Take Politico's argument that both the left and right have good reason for sitting on the movement--the Left, to point to the foolishness of their opposition and solidify their own identity as the organized population in power (and no doubt committed to a form of "rational" debate to which the Tea Party movement is wholly alien in left eyes) and the Right in order to constitute something like an image of "the people" useful for producing the political position of a legitimately aggrieved population to argue against the Democrats in power. In this case the argument embedded within the Politico piece undermines the piece's own conclusion, that the impact of the movement is overblown. Why? Because the movement's framing in the media, and the reactions to it by political actors gives us insight into how current social space is constituted during a midterm election year.

Consider, for example, that the right's arguments valorizing the Tea Partiers will easily serve as the same topoi the conservatives will use in the upcoming election. For example, the Tea Partiers are often positioned as "revolutionaries" who "want to take their country back". A recent ad campaign underscores this point. Found here (h/t to TPM), the ad uses a provocative metaphor, implying that Barack Obama is an illegitimate fascist leader, the product of a cult of personality who is destroying American values. Utilizing imagery and symbols found throughout the film V for Vendetta (and presumably the comic as well), the film seems to imply this November will contain a revolution of sorts. This campaign comes from Haley Barbour's people, an important young moving and shaking element in the Republican party.

So on one hand Politico can say: the Tea Party movement doesn't really matter. On the other hand, the GOP is producing advertisements that indicate they believe the sort of people who might identify with the Tea Party movement are also an important target population for the 2010 midterm. So the GOP is behaving "as if" the Tea Partiers do matter as a political consituency. The GOP has had success drumming up fears, and it seems will continue to do so.
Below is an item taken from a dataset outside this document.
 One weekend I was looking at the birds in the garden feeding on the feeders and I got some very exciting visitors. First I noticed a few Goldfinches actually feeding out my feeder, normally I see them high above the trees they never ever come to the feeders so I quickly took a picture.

The leftist mockery is also valuable for study. For example, The Daily Show has done a good job of pointing to the lack of demographic diversity attached to the movement. This post, circulated throughout the Facebook, has also really resonated with people, pointing to how the movement's embrace of tacit threats of violence has continued to be present, avoiding the sort of criticism that might be levelled at a more diverse crowd making similar claims. Obviously, the Democrats want to claim that the Tea Partiers don't represent a proper cross-section of the American population.
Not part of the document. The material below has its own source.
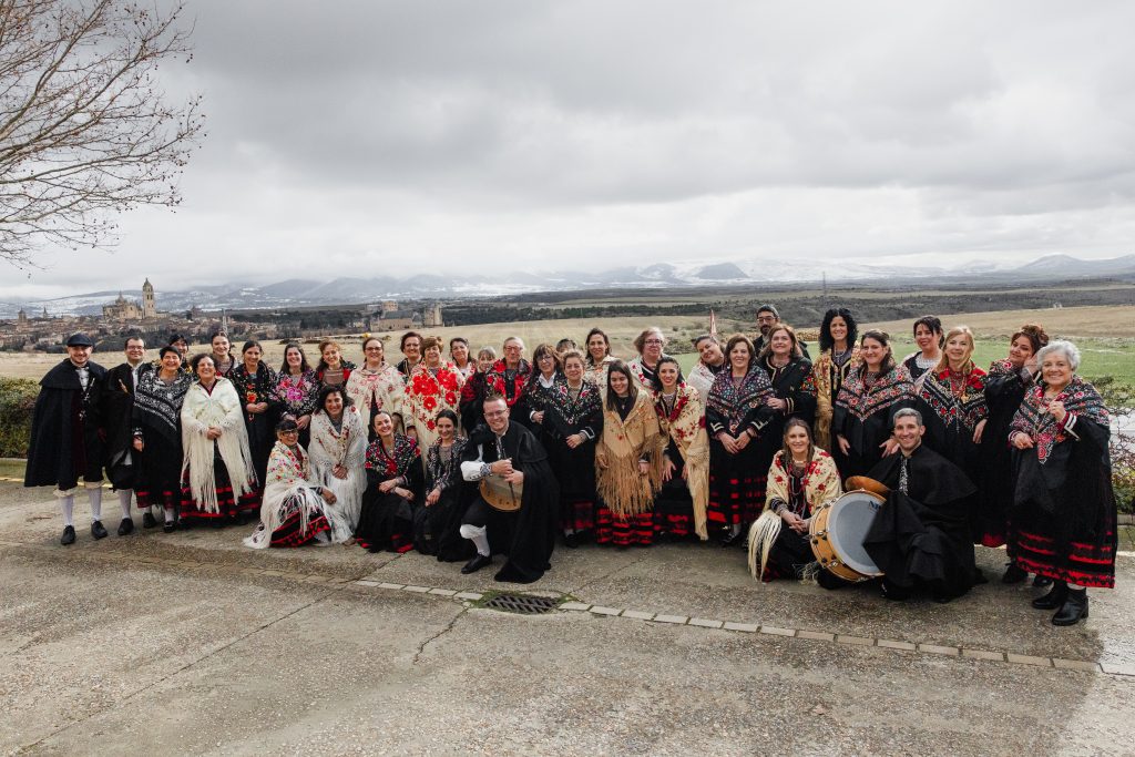 Feli nos da más datos sobre la celebración. Nos explica que hay 150 águedas en la asociación de las que en realidad participan en los actos poco más de 50. Que todo lo eligen por votación, aunque por ejemplo el puesto de alcaldesa, más que votarse, es una cosa que se va pasando. “Venga pues nos apuntamos nosotras dos este año”. Que cada una se hace su traje durante meses y meses o lo hereda, pero que las monteras de alcaldesas son de la asociación, se van rotando con el puesto. Le preguntamos por esto que nos contaban las mujeres en el bar de que cada vez va menos gente a las de Zamarramala porque hay águedas por muchos otros pueblos ¿Zamarramala fue de las primeras? ¿¿De las primeras?? cariño, Zamarramala es el origen de esta tradición. Las aguedas empiezan aquí. ¿no te sabes la historia? ¿y tú eres periodista?

I don't really have any conclusions here, just wanted to jot some thoughts down.

2 comments:

  1. I get you're running a Ranciere on this, and this is what I'd have to say:

    This is the thing, the GOP is still subsumed within the larger category of democracy, which still forces all speaking actors under its umbrella as 'speeched'. Regardless of their political affiliation, liberal or conservative alike cannot but treat the teapartiers as having 'speech,' they are not just 'noise' but an important, already incorporated constituency. Inanity does not equate to unintelligibility, or speechlessness - that category belongs to an exterior, an explicitly exterior, subservient or subordinate class. An example would be the immigrants in AZ, for instance. They are non-speeched once identified, even though they might walk among, 'passing' as speeched actors. Because Tea Partiers are exterior to this structure, the logic of incorporation, or even of the interpellation of a public under the guise of its popularity cannot function according to Ranciere's proposed theory of 'politics' per se.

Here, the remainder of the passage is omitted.